Confirmation is often viewed as the end of a person’s formation in the Catholic faith. But organizers of the SEALED Confirmation preparation retreat want young people to know that the sacrament is a beginning, not an end.

“Their formation doesn’t stop with the third sacrament of initiation,” Libby Byrnes, coordinator of high school youth ministry for the Diocese of Nashville, said of the middle and high school students preparing for Confirmation. “This is really the start of their ownership of their faith.”

Franchelle Jaeger, one of the keynote speakers, talks to the students about Baptism and Confirmation.

The diocese hosted the SEALED retreat at the Catholic Pastoral Center on Saturday, April 10. About 250 students from a dozen parishes and schools in the diocese attended.

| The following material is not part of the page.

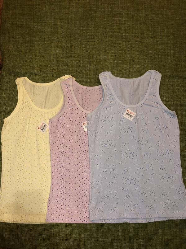 Майка на дівчинку 8/9 років В наявності 3 шт різного кольору Розмір: 134/140 Тканина: 95% бавовна; 5% еластан Колір: жовтий; бузковий; блакитний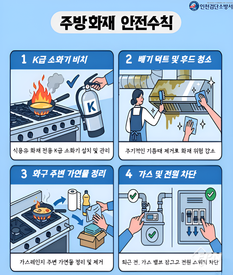 오원신 서장은 “주방은 단 한 번의 부주의가 대형 화재로 이어질 수 있는 공간”이라며 “화재 예방을 위한 기본 안전수칙을 철저히 지켜주시고 주방자동소화장치를 점검해 주시길 바란다”고 전했다.

The Office of Youth and Young Adult Formation organized the retreat after hearing from parish leaders and directors of religious education who expressed a need for it. “We wanted to meet that need,” Byrnes said.

The retreat featured keynote addresses by Franchelle Jaeger and Sister Caterina Joy, O.P. of the Dominican Sisters of St. Cecilia in Nashville, breakout sessions, music by PJ Anderson and his band, Eucharistic Adoration and Confession, Mass celebrated by Father Andrew Bulso, pastor of St. Edward Church and chaplain of the Office of Youth and Young Adult Formation, and a talk by Bishop J. Mark Spalding.

Students tape the envelopes with their fears and burdens enclosed to a wall at the front of the auditorium.

Confirmation is one of three sacraments of initiation along with Baptism and the Eucharist.

“We do stupid stuff every single day,” Jaeger, a speaker, writer and parishioner at St. Matthew Church, told the crowd of mostly middle school students. “Because of Jesus Christ, I live in a world where my mess ups don’t define me.”

“The Church offers us radical and abundant and life-saving grace even in our grossest sins,” she said.

Christ “didn’t wait until we were perfect to save us,” Jaeger added. “He invites us to be holy not because we already are … but to turn us into the kind of people who look like Jesus Christ in the world.”

Bishop Spalding addresses the youth at the start of the retreat.

“Jesus wants to transform us if we let him,” Jaeger told the students.

The parishes and schools that sent students to the retreat included: St. Matthew, Our Lady of the Lake, St. Edward, St. Philip, St. Francis of Assisi, St. John Vianney, St. Christopher, St. Gregory, St. Stephen, St. Anthony, St. Frances Cabrini and the Cathedral of the Incarnation.